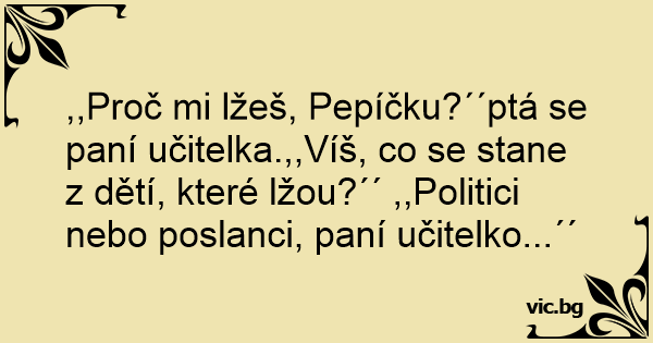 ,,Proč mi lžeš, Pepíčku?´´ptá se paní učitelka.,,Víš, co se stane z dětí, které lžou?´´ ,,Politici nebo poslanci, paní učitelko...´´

---

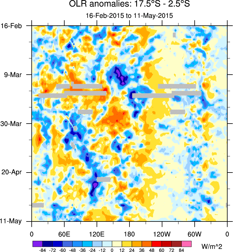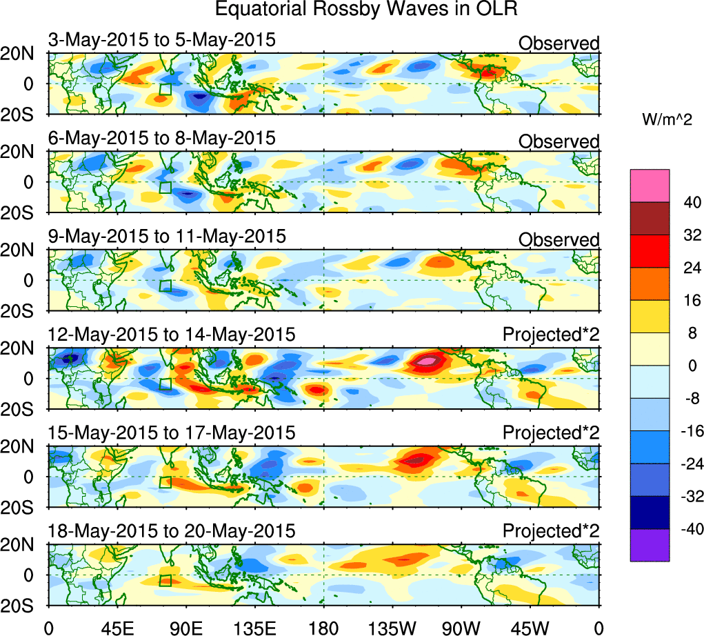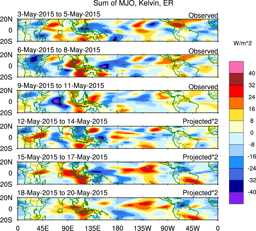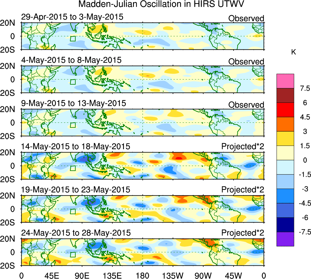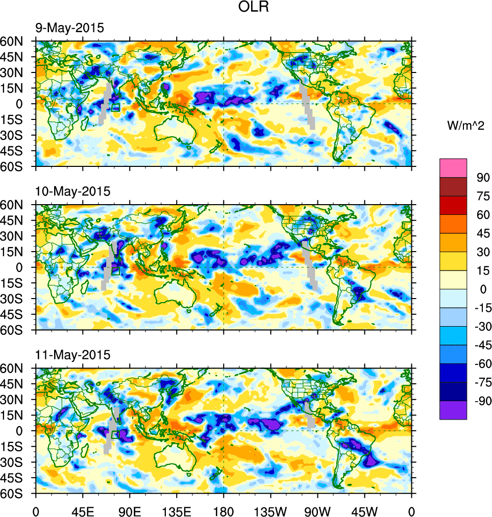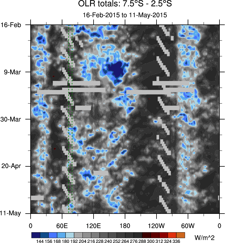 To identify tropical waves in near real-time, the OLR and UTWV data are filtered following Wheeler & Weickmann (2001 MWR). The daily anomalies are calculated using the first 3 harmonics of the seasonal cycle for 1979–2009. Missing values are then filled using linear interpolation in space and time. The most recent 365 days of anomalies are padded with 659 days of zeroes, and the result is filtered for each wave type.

==

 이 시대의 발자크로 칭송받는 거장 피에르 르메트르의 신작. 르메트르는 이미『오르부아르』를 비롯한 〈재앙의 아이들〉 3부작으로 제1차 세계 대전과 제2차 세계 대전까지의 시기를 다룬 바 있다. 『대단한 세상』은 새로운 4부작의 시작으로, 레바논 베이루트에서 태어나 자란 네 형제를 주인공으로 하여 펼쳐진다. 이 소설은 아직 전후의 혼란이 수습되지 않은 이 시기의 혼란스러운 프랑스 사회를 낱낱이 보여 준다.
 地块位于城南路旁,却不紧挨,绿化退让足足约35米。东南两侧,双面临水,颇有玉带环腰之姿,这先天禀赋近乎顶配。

# Task prompt
Return only the stretch of the material above from the line holding "이 시대의 발자크로 칭송받는" through the line holding "地块位于城南路旁,却不紧挨,绿化退让足足", copied exactly.

# Result below
 이 시대의 발자크로 칭송받는 거장 피에르 르메트르의 신작. 르메트르는 이미『오르부아르』를 비롯한 〈재앙의 아이들〉 3부작으로 제1차 세계 대전과 제2차 세계 대전까지의 시기를 다룬 바 있다. 『대단한 세상』은 새로운 4부작의 시작으로, 레바논 베이루트에서 태어나 자란 네 형제를 주인공으로 하여 펼쳐진다. 이 소설은 아직 전후의 혼란이 수습되지 않은 이 시기의 혼란스러운 프랑스 사회를 낱낱이 보여 준다.
 地块位于城南路旁,却不紧挨,绿化退让足足约35米。东南两侧,双面临水,颇有玉带环腰之姿,这先天禀赋近乎顶配。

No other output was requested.